From start date and end date(day/month/year) of this bootcamps, I've created a function that lists all the months between startdate and enddate
import datetime
from dateutil.rrule import rrule, MONTHLY
def list_months_in_date(start_date: datetime, end_date : datetime) -> list :
strt_dt = datetime.datetime.strptime(start_date, "%d-%b-%y")

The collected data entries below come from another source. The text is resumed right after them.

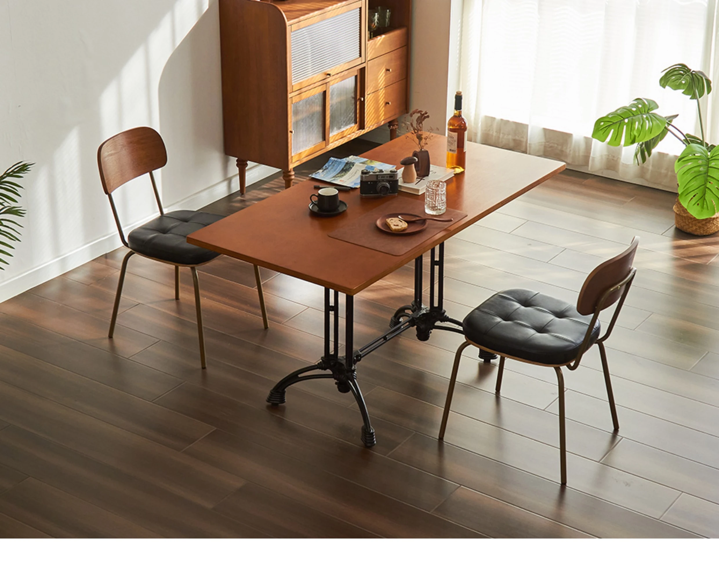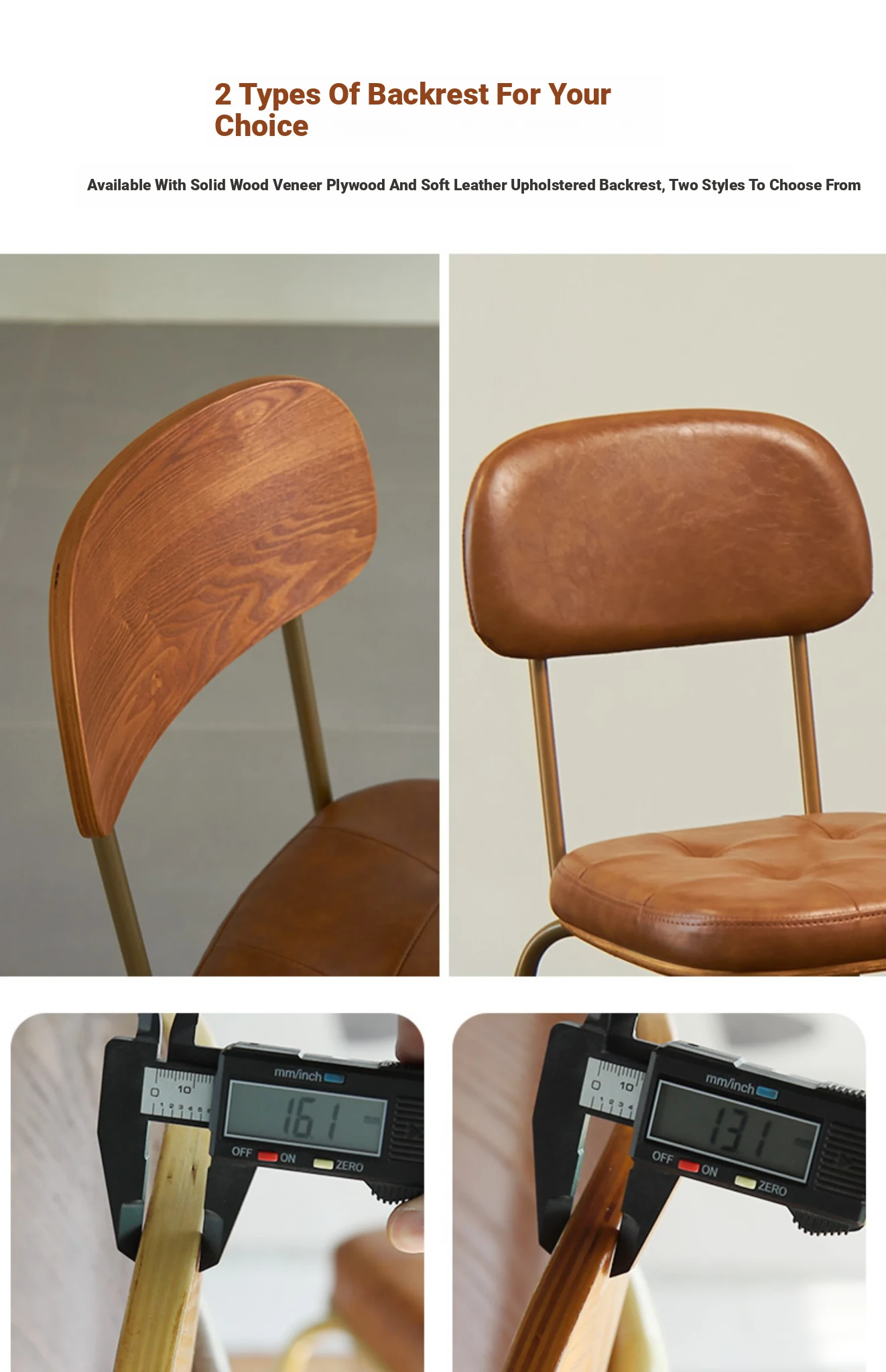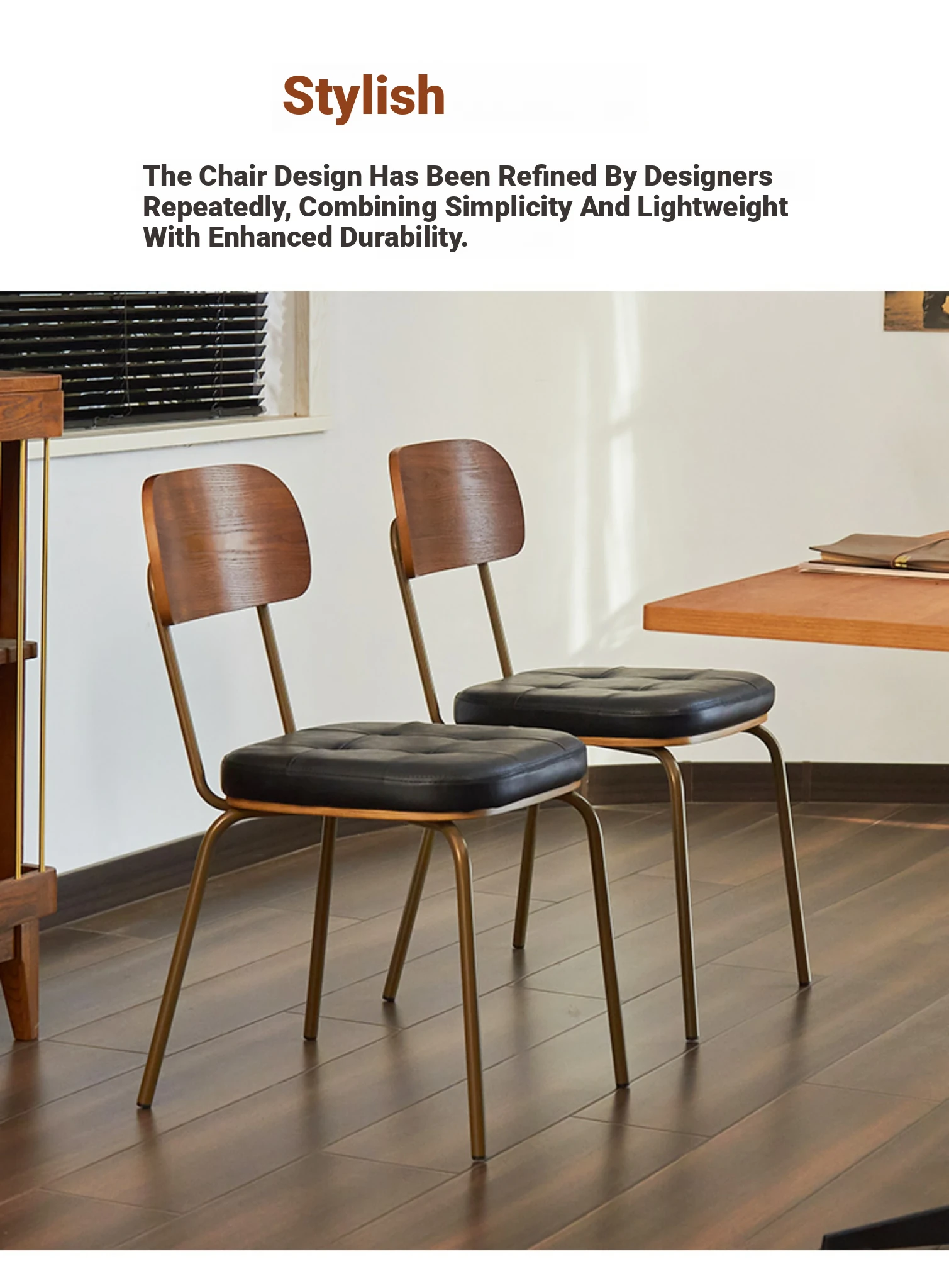 Wood-backed brown PU plated gold legs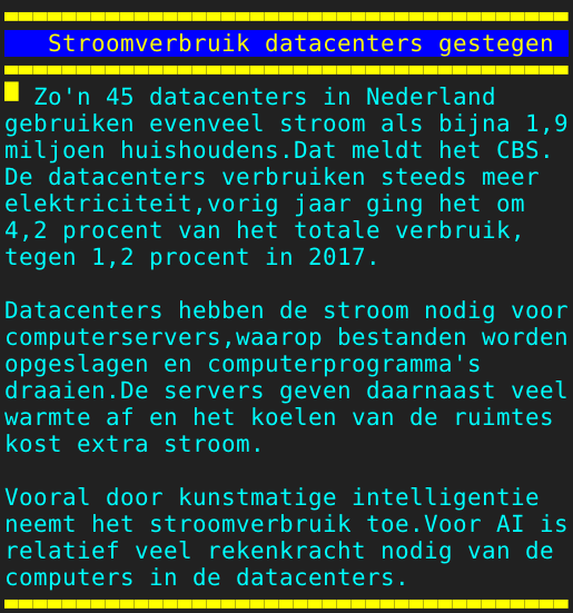 Teletekst bot on Nostr: [105] Stroomverbruik datacenters gestegen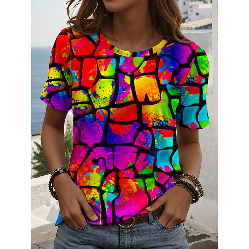 LGBT Pride Parade Pride Raindow Women's T Shirt Graphic Geometric Striped Vintage Stylish Classic Short Sleeve Crew Neck Regular Tops Daily Print Yellow Red Purple Summer Spring
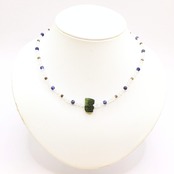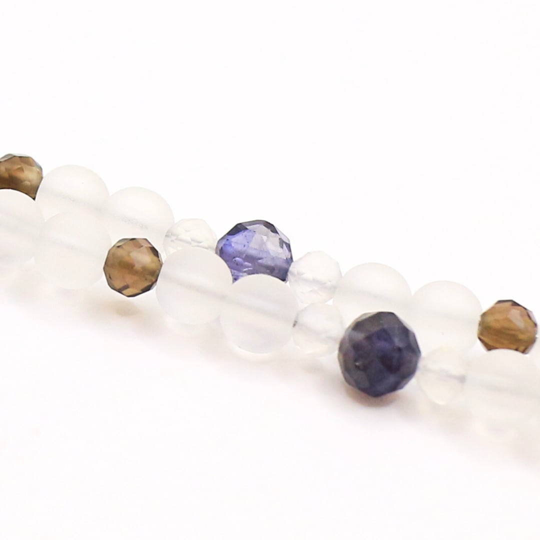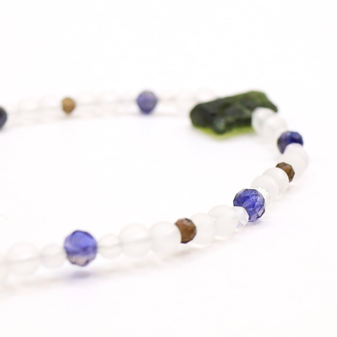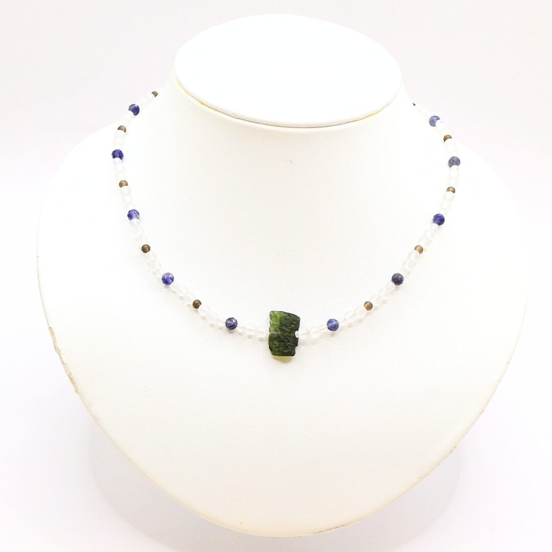 今回は、モルダバイトにすりガラス風加工を施したフロスト水晶とアイオライト・スモーキークォーツを組み合わせたネックレスに仕上げました。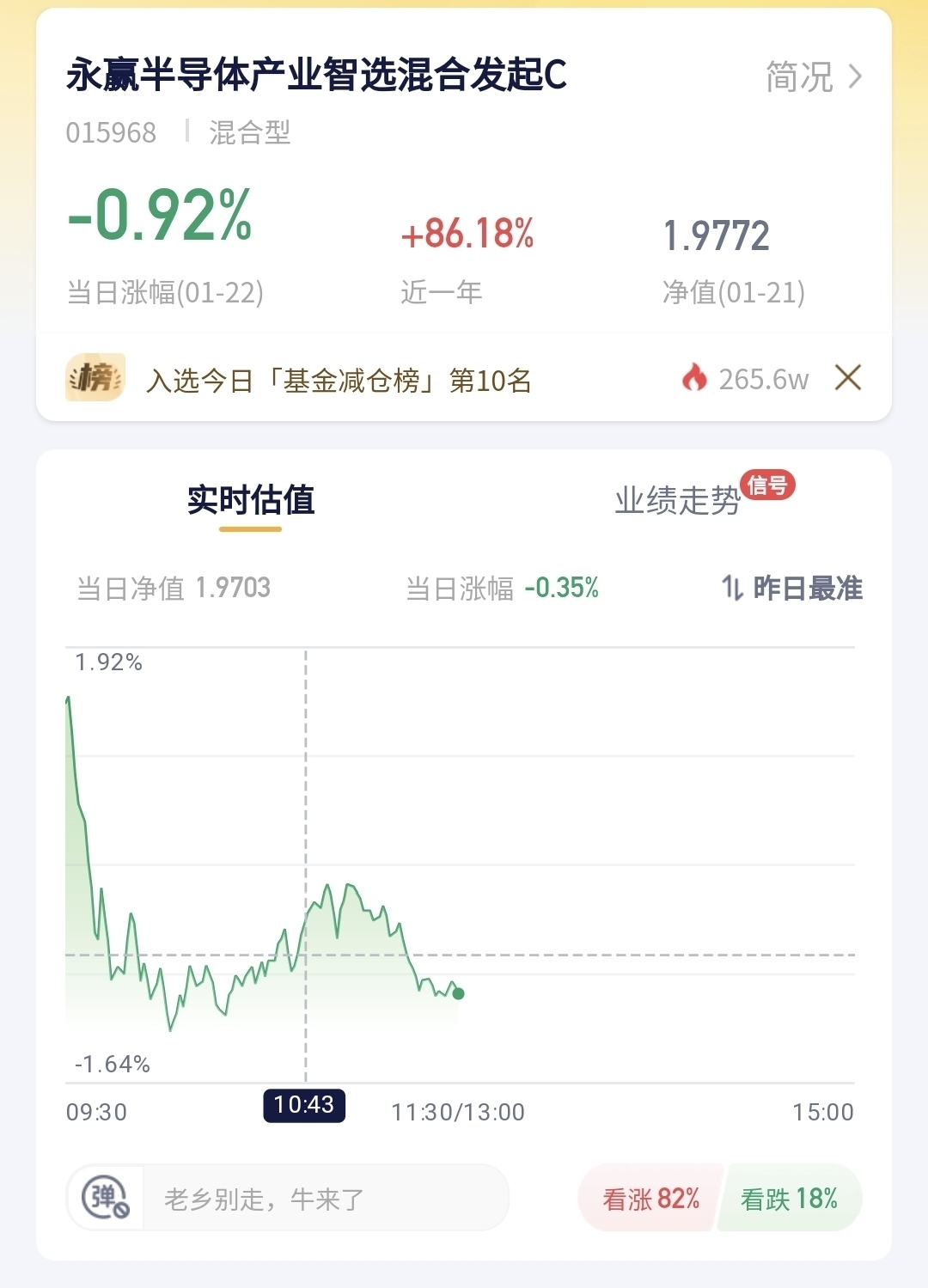永赢半导体产业智选混合发起C今日预估跌幅0.92%!

end_dt = datetime.datetime.strptime(end_date, "%d-%b-%y")
dates = [dt for dt in rrule(MONTHLY, dtstart=strt_dt, until=end_dt)]
distinct_months = []
months = [date.strftime("%B") for date in dates if date.strftime("%B") not in distinct_months]
distinct_months = list(set(months))
return distinct_months
and I have my function to obtain season from a range of dates
def list_months_to_season(distinct_months : list) -> list:
season = []
autumn = ["September","October","November"]
winter = ["December","January","February"]
summer = ["June","July","August"]
spring = ["March","April","May"]
for month in distinct_months:
if month in autumn :
season.append("autuumn")
if month in winter :
season.append("winter")
if month in spring :
season.append("spring")
if month in summer :
season.append("summer")
return season
What I need is to obtain the seasons between start date and end date (Summer, Spring,Winter, Autumn) in order to have
|id_medicalcamp|start_date|end_date |seasons |
| 0010 |01/06/2019|01/09/2020|summer,autumn|
I'm running following code
df_med_camps['season_label'] = df_med_camps.apply(lambda data : list_months_in_date(data["Camp_Start_Date"],data["Camp_End_Date"]))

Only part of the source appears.